ABOUT THIS EXERCISE:
From the line containing "Scheme of the" to the line containing "Пила цепная аккумуляторная" in the entries below, reproduce every line exactly, ends included. Nothing else belongs in the copy, and no pictures.

[[ DATASET RECORDS open ]]

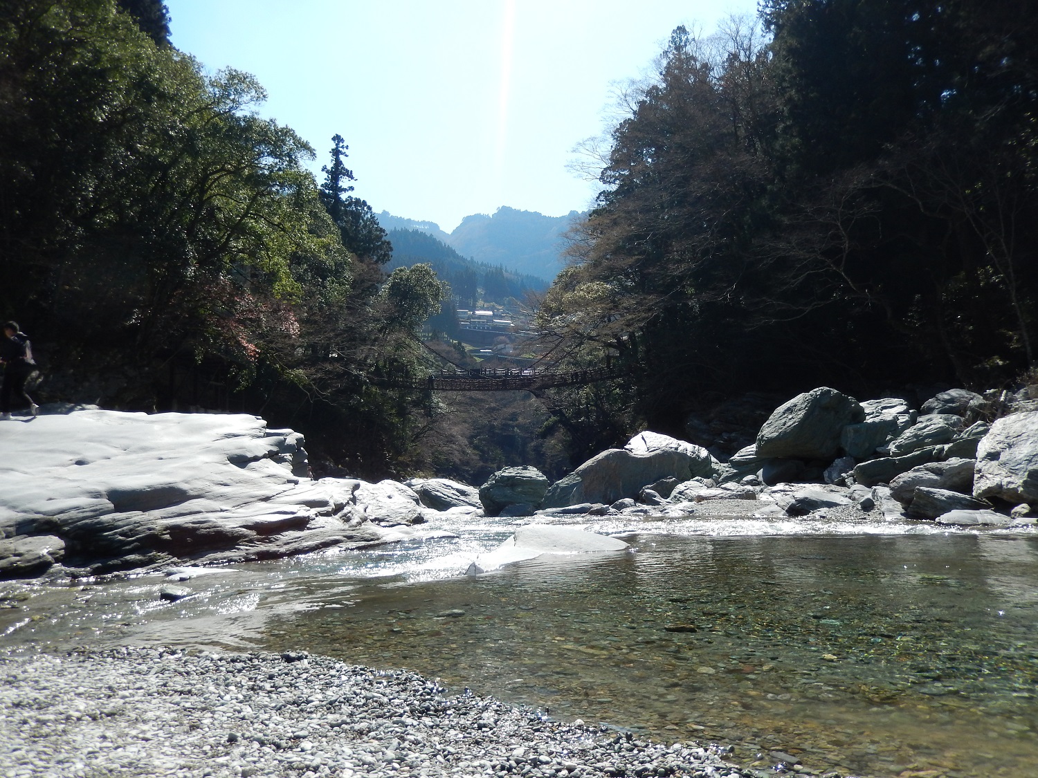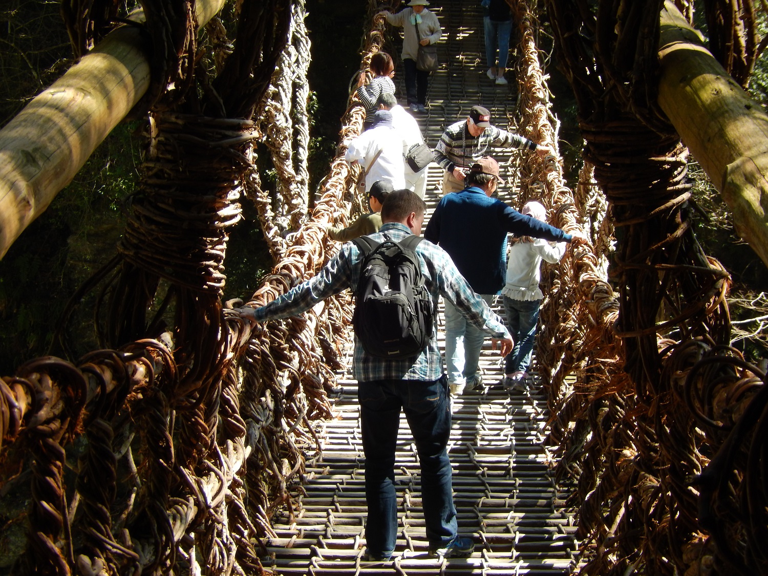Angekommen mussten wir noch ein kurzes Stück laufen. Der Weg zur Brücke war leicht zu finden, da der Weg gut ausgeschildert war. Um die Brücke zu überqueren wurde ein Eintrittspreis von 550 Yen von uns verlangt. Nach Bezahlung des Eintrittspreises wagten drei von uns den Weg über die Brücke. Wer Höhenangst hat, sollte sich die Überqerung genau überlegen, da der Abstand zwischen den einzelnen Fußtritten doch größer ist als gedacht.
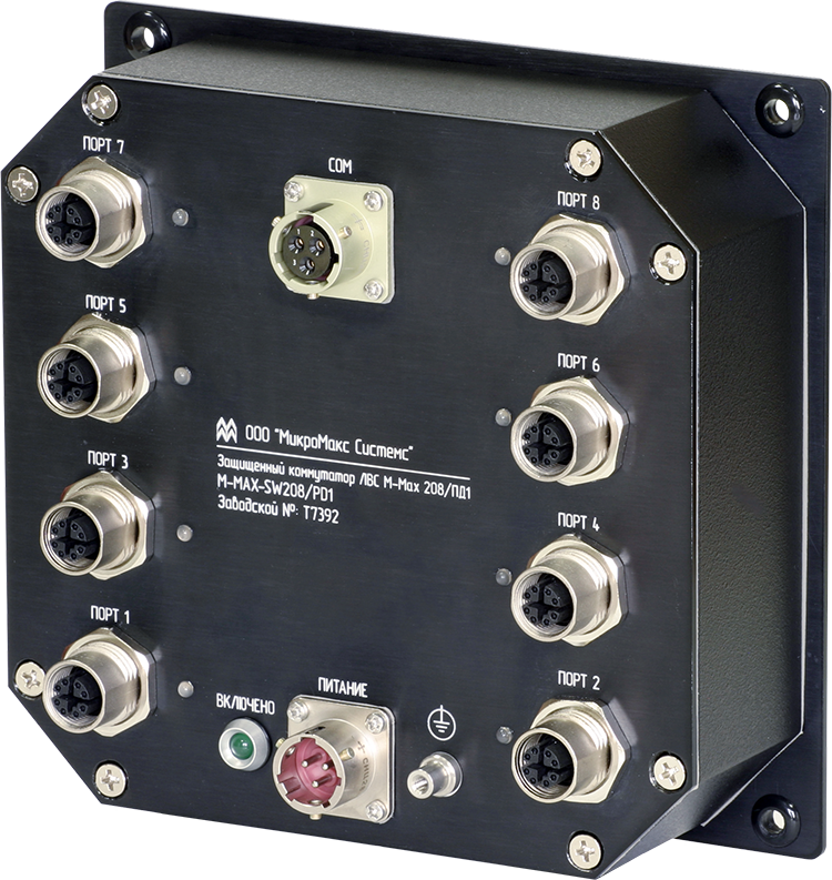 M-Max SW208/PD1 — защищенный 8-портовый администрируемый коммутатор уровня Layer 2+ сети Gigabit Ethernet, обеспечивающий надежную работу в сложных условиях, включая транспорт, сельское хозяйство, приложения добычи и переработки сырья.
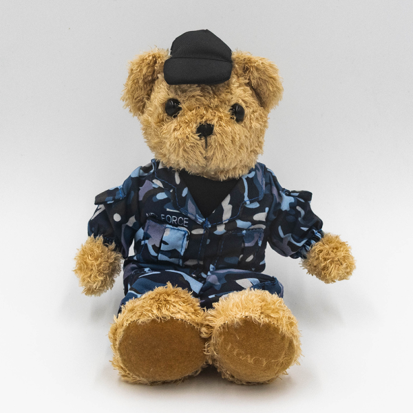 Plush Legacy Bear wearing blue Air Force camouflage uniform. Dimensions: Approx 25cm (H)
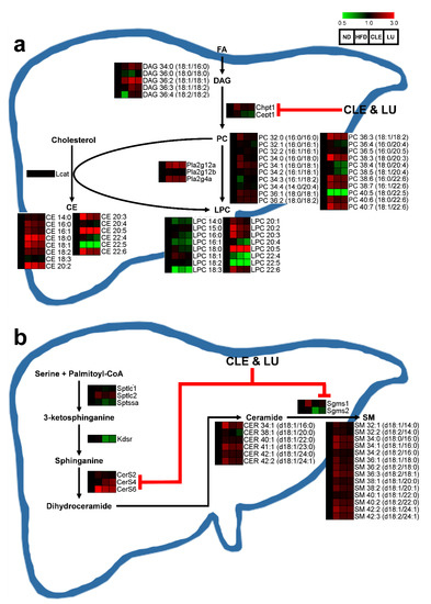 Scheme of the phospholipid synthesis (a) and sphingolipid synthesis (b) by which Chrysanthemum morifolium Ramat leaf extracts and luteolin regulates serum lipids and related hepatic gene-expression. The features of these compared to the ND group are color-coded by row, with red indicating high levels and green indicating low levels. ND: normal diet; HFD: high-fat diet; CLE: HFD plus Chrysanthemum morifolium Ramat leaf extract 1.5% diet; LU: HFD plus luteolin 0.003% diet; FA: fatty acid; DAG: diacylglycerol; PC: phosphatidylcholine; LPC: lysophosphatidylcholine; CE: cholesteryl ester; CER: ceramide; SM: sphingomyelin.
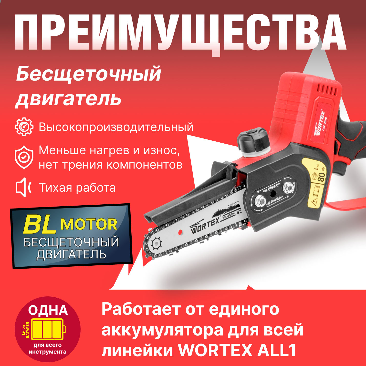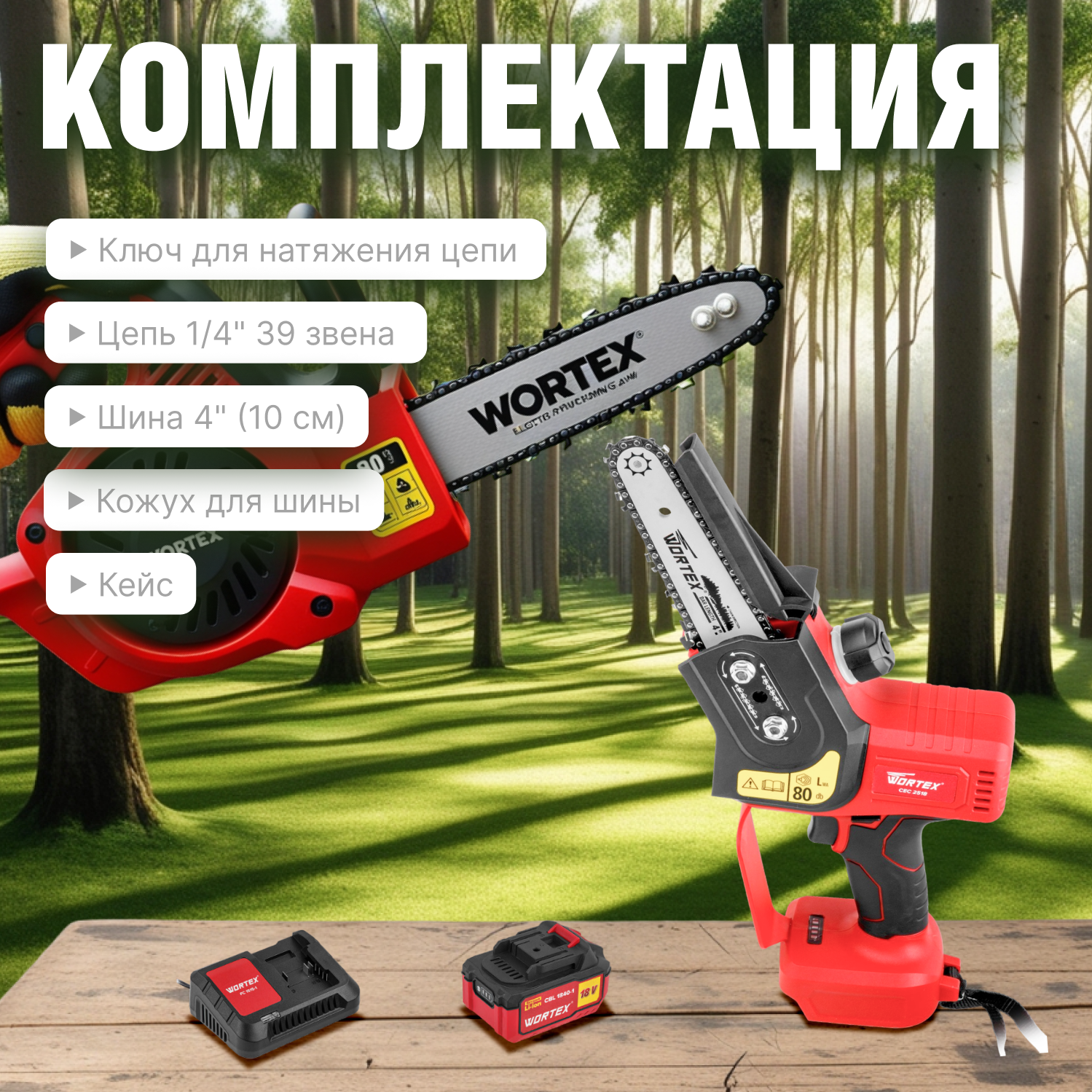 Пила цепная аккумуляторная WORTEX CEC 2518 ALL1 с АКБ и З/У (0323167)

[[ DATASET RECORDS closed ]]
[[ DATASET RECORDS open ]]

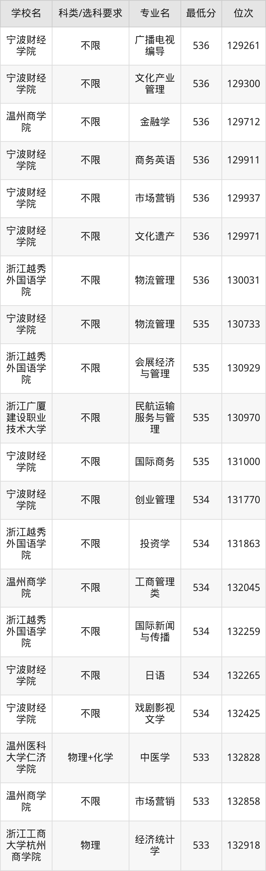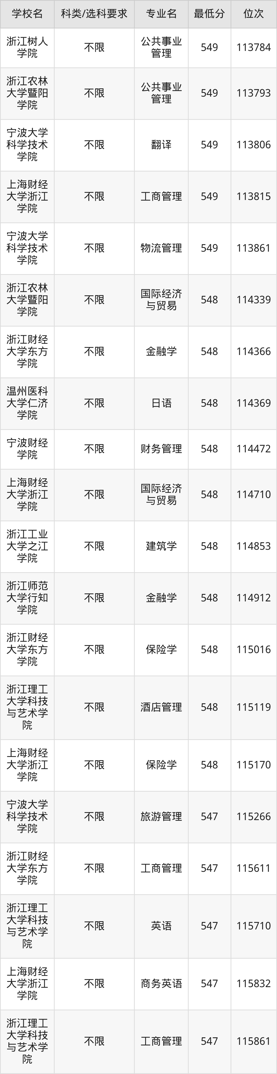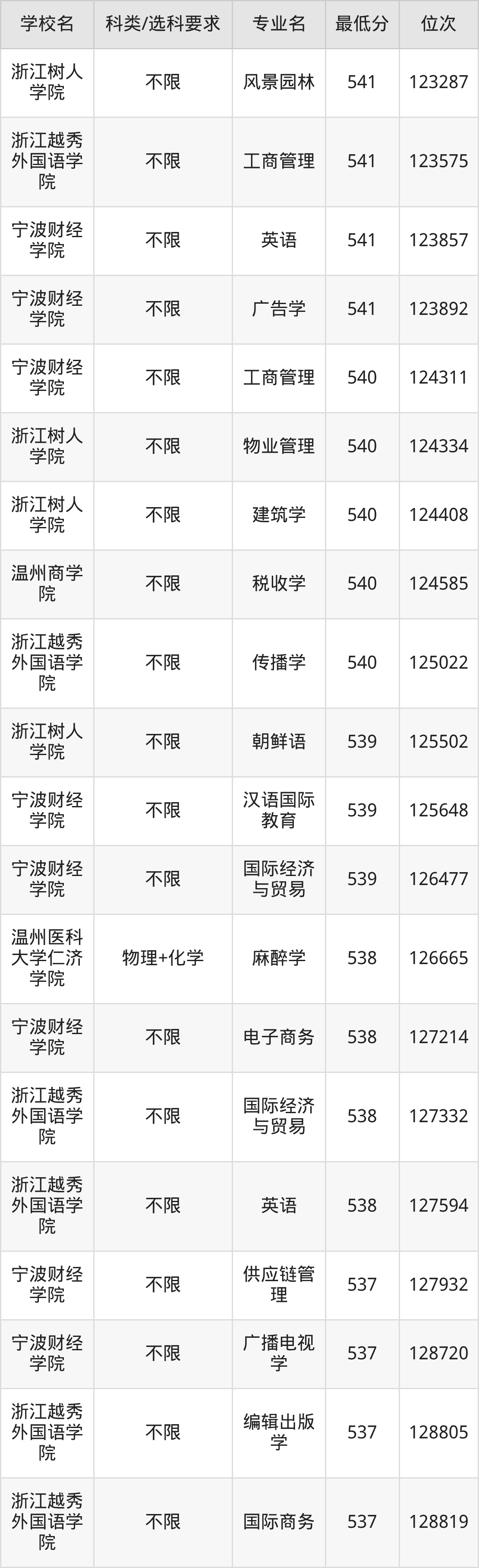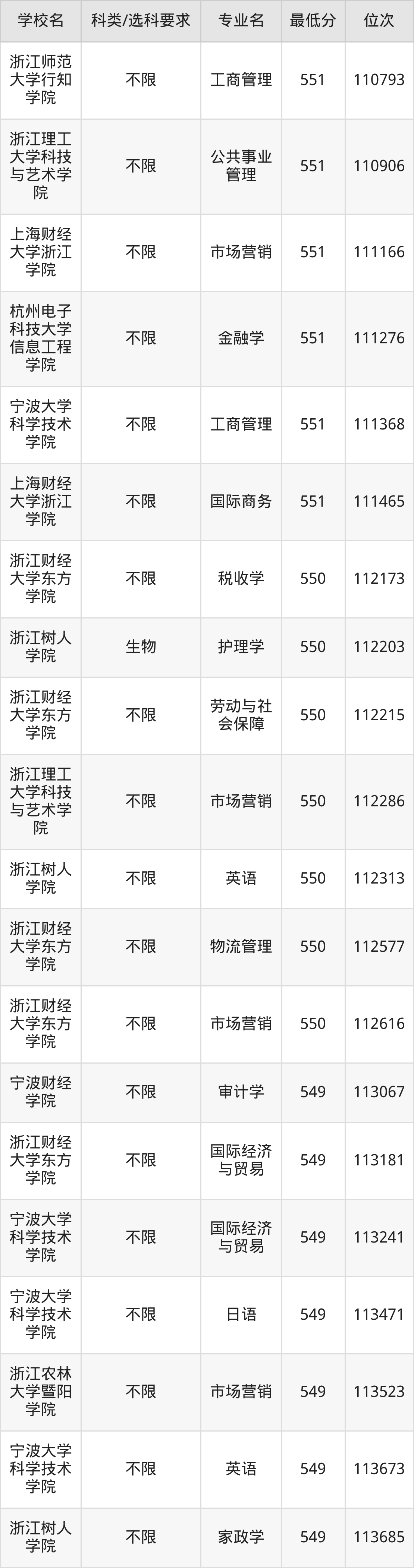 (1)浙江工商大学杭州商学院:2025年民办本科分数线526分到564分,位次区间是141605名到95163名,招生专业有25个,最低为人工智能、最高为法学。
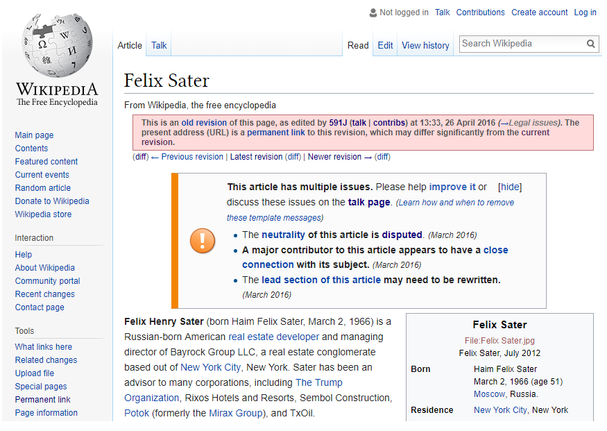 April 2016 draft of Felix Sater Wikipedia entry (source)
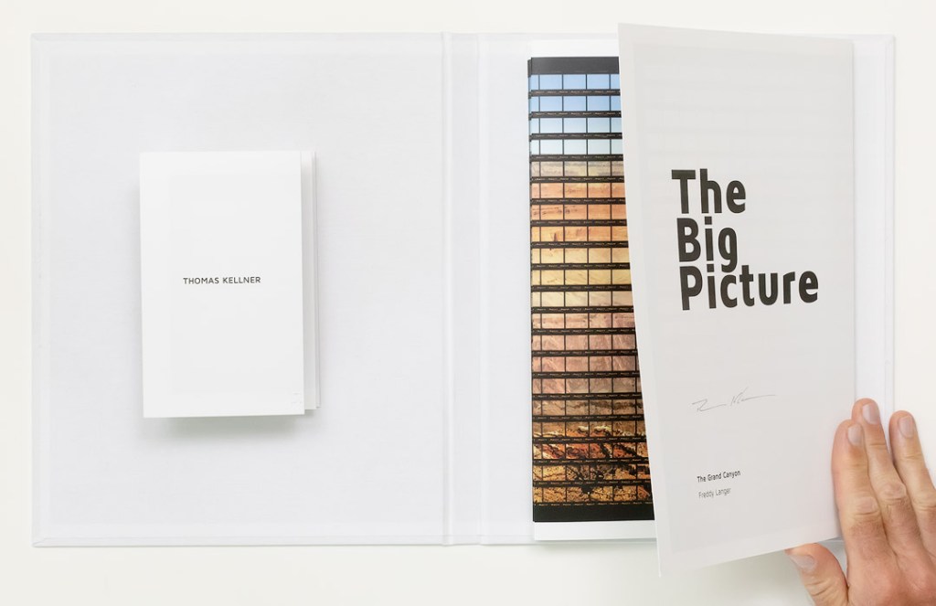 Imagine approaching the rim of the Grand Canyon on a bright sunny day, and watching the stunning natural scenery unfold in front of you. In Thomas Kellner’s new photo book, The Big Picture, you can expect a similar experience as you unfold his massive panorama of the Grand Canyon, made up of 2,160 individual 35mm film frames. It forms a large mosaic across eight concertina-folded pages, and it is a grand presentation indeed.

[[ DATASET RECORDS closed ]]

OUTPUT BELOW:
 Scheme of the phospholipid synthesis (a) and sphingolipid synthesis (b) by which Chrysanthemum morifolium Ramat leaf extracts and luteolin regulates serum lipids and related hepatic gene-expression. The features of these compared to the ND group are color-coded by row, with red indicating high levels and green indicating low levels. ND: normal diet; HFD: high-fat diet; CLE: HFD plus Chrysanthemum morifolium Ramat leaf extract 1.5% diet; LU: HFD plus luteolin 0.003% diet; FA: fatty acid; DAG: diacylglycerol; PC: phosphatidylcholine; LPC: lysophosphatidylcholine; CE: cholesteryl ester; CER: ceramide; SM: sphingomyelin.
 Пила цепная аккумуляторная WORTEX CEC 2518 ALL1 с АКБ и З/У (0323167)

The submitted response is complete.